Bazen uzaklaşmak gerekir, yakınlaşmak için.. Bazen hatırlamak gerekir, hatırlanmak için.. Bazen ağlamak gerekir, açılmak için.. Bazen anmak gerekir, anılmak için.. Bazen de susmak gerekir, duymak için..
Şems-i Tebrîzî
Her şeyin bir zıddı var. Doğan ölür, gece gündüze el verir, güneş ayı selamlar, karanlık bir mumla aydınlığa dönüşür, ayrılıkların düğünü ise vuslattır.
İnsanlar maşuk aramıyor, bencil duygularına köle arıyor. Köle buluyor ama aşkı bulamıyor.
Şems-i Tebrizi
Bazen diyor Şems-i Tebrîzî "bazen" ben de bazen özlüyorum, bazen anıyorum, bazen uzaklaşıyorum, bazen yakınlaşıyorum, bazen ağlıyorum, bazen susuyorum duymak için. Kim bilir bir gün biri çıkar karşıma ve bu kez beni duymak için o susar. Burada anlatılan susmak konuşmamak anlamında değildir. Susmak olayın derinlerinde gezinmek, farklı bakış açıları geliştirerek anlamaya çalışmak ve özümsemek manasındadır. Bu anlamsa susamak kana kana içmektir. Şu an susmak istiyorsun değil mi ama susamıyorsun çünkü susmak en zorudur, olsun sen yine de umudunu tüketme anlamayı istemek bile kıymetlidir.

30 Temmuz 2011

Paraf

3 yorum:

  1. Yükseköğretim Kurulu'nun ( YÖK ), 2012 Eylül ayında, Selçuk Üniversitesi Mevlana Araştırmaları Enstitüsü bünyesinde Mevlana ve Mevlevilik Araştırmaları Anabilim Dalı'nın kurulması kararının ardından, “Mevlana ve Mevlevilik” bir bilim dalı oldu.

    Bu kararla Mevlana ve Mevlevilik ile ilgili Türkiye 'de tek bilimsel otorite haline gelen Mevlana Araştırmaları Enstitüsü'nün Müdürü Doç. Dr. Nuri Şimşekler, AA muhabirine yaptığı açıklamada, pek çok popüler romana da konu olan Mevlana'nın hayatı, Şems -i Tebrizi ile karşılaşması, eserleri, etkileri ve onunla ilgili yazılan eserler gibi pek çok alanda bilimsel çalışmaları hızlandırdıklarını söyledi.

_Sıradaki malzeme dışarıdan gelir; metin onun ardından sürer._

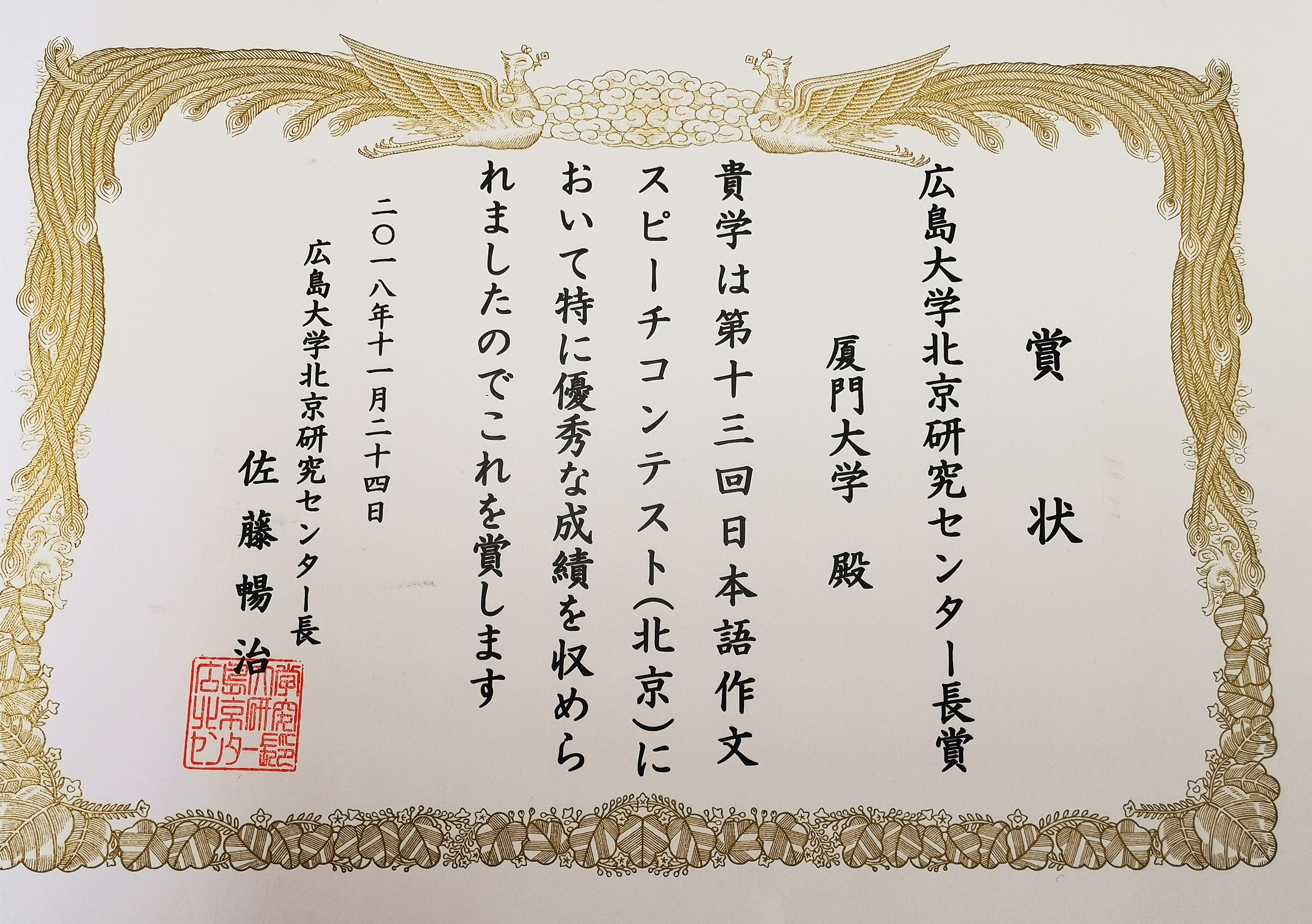 11月24日,以中国大学生为参赛对象的“第13届广岛大学日语作文演讲比赛”在首都师范大学举行。通过第二轮复赛的4名参赛选手进入个人总决赛,发表了热情洋溢的演讲,得到了到场中日观众的高度评价。我院日语系2016级本科生阮琳榕同学凭借沉着的演讲风格、优美的日语发音斩获全国总决赛特等奖。这也是,阮琳榕同学在今年7月份荣获“第13届中华全国日语演讲比赛”总决赛季军之后的又一个全国大奖。另外,由日语系2015级本科生何行实、2016级本科生阮琳榕、江林岳、吴星如、杨毓等5名同学组成的厦门大学团队荣获该比赛唯一的团体金奖。此次荣膺双冠,彰显着我院学子的良好风貌和扎实的日语语言功底,更为我院增添一份荣耀。该比赛项目获厦门大学2018年本科生学业竞赛项目立项。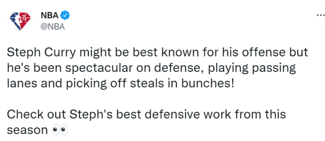 24直播网06月08日讯 ,NBA官方社媒晒出了库里本赛季的防守集锦,并配文写道:“斯蒂芬-库里最出名的可能是他的进攻,但他在防守端的表现也非常出色!”集锦中,库里的抢断和盖帽让人印象深刻,引起球迷热议!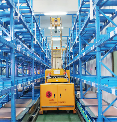 通過車體上配置的堆垛機(jī),與輸送線以及倉儲貨架對接應(yīng)用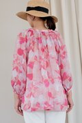 ふんわりとしたシルエットと優しい花柄が魅力の、ラミー100%ブラウスです。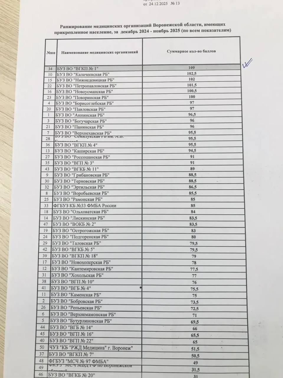 Главврач заявил - рейтинг поликлиники вовсе не 1,1 (как в «Яндексе»), а 1 е место среди всех поликлиник области по версии ТФОМС за период декабрь 2024 — ноябрь 2025 года.

    Şimşekler, 2013 yılının Şubat ayından itibaren alacakları yüksek lisans öğrencileri ve yaptıracakları tezlerle, Mevlana hakkındaki bazı yanlış bilinen konuların önüne geçmeyi de amaçladıklarını dile getirdi.

    MEVLANA VE ŞEMS “BUGÜN” BULUŞTU
    Mevlana ve Şems'in 29 Kasım 1244 tarihinde ilk kez Konya'da buluştuğunu belirten Şimşekler, Mevlana'nın, bu buluşmanın ardından 1,5 yıla yakın Şems-i Tebrizi ile hemhal olduğunu aktardı.

    Bu hemhal durumunun; sohbet, birbirini irşat şeklinde, genellikle Mevlana'nın evinde, bazen Selahattin Zerkub'un evinde, bazen de Mesnevi'nin katibi Çelebi Hüsamettin'in Meram'daki bağında gerçekleştiğini ifade eden Şimşekler, “Mevlana'nın eşinin görgü tanıklığındaki kaynaklara göre, bazen diz dize oturuyorlar sohbet ediyorlar, bazen yan yana oturuyorlar hiç bir şey konuşmuyorlar. Bazen abdest alıp namaz kılıyorlarmış” dedi.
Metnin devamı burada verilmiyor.